Nonetheless, the Yankees kept the inning alive with singles by Beltran and Soriano that were sandwiched around a long fly-out by Brian McCann to center. With his pitch count already up there, Jimenez walked Brian Roberts to load the bases. It was a terrific at-bat by Roberts, who fell behind 0-2 in the count before taking and fouling off tough pitches to ultimately work the walk. At 109 pitches already through just 4 2/3 innings, Jimenez was pulled in favor of reliever Zach Britton. The left-handed Kelly Johnson, facing the left-handed Zach Britton, drew a walk to extend New York's lead to 4-1. Solarte then grounded out with the bases loaded for the second third out of the inning to end the threat.

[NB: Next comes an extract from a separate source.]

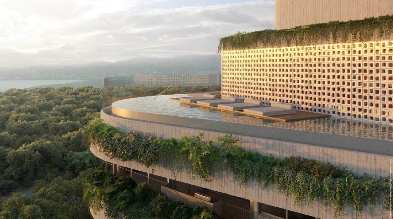 Entre os destaques das áreas comuns do empreendimento estão um rooftop com vista para o mar e para o Parque Natural do Itacorubi, piscina com borda infinita, piscina aquecida, um andar inteiro para wellness, banheira de gelo e saunas. O projeto é assinado pelo arquiteto Guilherme Torres e o paisagismo é criação de Alex Hanazaki, inspirado no Fuso Hotel.

After a sixth inning that resulted in a total of five ground outs, the Orioles crept closer with three straight hits by Chris Davis (ground-rule double), Matt Wieters (single), and Nelson Cruz (RBI single) to make the score 4-2. After Steve Lombardozzi lined out to left field, the Yankees pulled their starter, Hiroki Kuroda, in favor of Matt Thornton. Thornton was able to get a ground out off the bat of Ryan Flaherty, but the tying runs advanced into scoring position. Even after getting roughed up pretty badly against Houston and Toronto last week, David Phelps was summoned from the bullpen to get rookie Jonathan Schoop, and he rewarded Girardi's faith by inducing a grounder to end the frame.

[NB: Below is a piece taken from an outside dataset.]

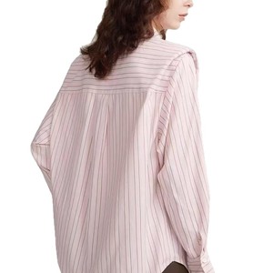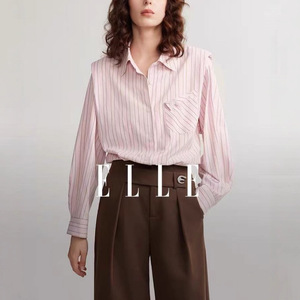 ELLE粉色感正肩条纹气质衬衫女2025春秋季新款上衣轻熟法式小众
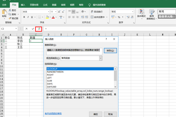 2、点击上方插入函数,然后插入Vlookcup函数。

It was announced after the game that David Robertson has a strained groin, so he will be placed on the disabled list. As a result, the Yankees used Adam Warren in a two-run game in the eighth and pushed Shawn Kelley from his eighth-inning role to the ninth. Starting with Warren, the right-hander pitched a scoreless inning with two strikeouts and a walk. However, Vidal Nuno was warming up after Warren issued a lead-off walk, and with Chris Davis up as the tying run with two out in the inning, Girardi stuck with Warren and he rewarded him with a strikeout to keep the score at 4-2. It's only been a couple of games, but Warren has done a very nice job pitching late in close games. Kelley then followed Warren with a nice and easy 1-2-3 inning to close out the ninth for his first career save.

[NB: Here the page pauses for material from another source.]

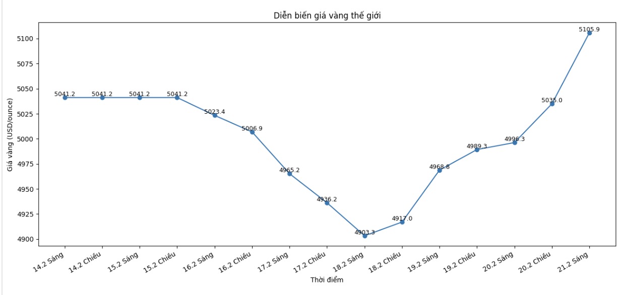 Giá vàng giao ngay mở đầu tuần ở mức 5.022,85 USD/ounce. Dù vậy, thị trường thiếu động lực rõ ràng trong giai đoạn đầu, khi giá vàng chật vật giữ mốc hỗ trợ 5.000 USD/ounce trong phiên giao dịch đêm Chủ nhật, trước khi chịu áp lực bán ngay sau 8h00 thứ Hai.

Prior to all the bullpen activity, Hiroki Kuroda made the start and pitched pretty well once again. He got ahead of a lot of hitters and was able to induce plenty of ground balls (52.4% GB-rate, eight ground-outs to just four fly-outs). In total, the unofficial staff ace went 6 1/3 innings; allowed eight hits and two runs while striking out four and allowing no walks. This is the fourth straight game, in fact, that a Yankees' starter hasn't allowed a walk, going back to Ivan Nova's five-walk outing against Houston last week.

Although they didn't hit for much power, with Jeter's double being the team's only extra base hit (Solarte just missed an eighth-inning solo homer, but the wind knocked it down shy of the right field wall), the Yankees worked plenty of long at-bats in their victory. All told, the Yankees drew six walks and saw a total of 163 pitches; that is a very pleasant sight, considering we saw very little of this in 2013.

Next up, another matinee. On Tuesday the Yankees will face these same Orioles with Ivan Nova opposing Wei-Yin Chen at 1:05 PM. The Yankees are now above .500 for the first time, standing at 4-3, while the Orioles drop to 2-5.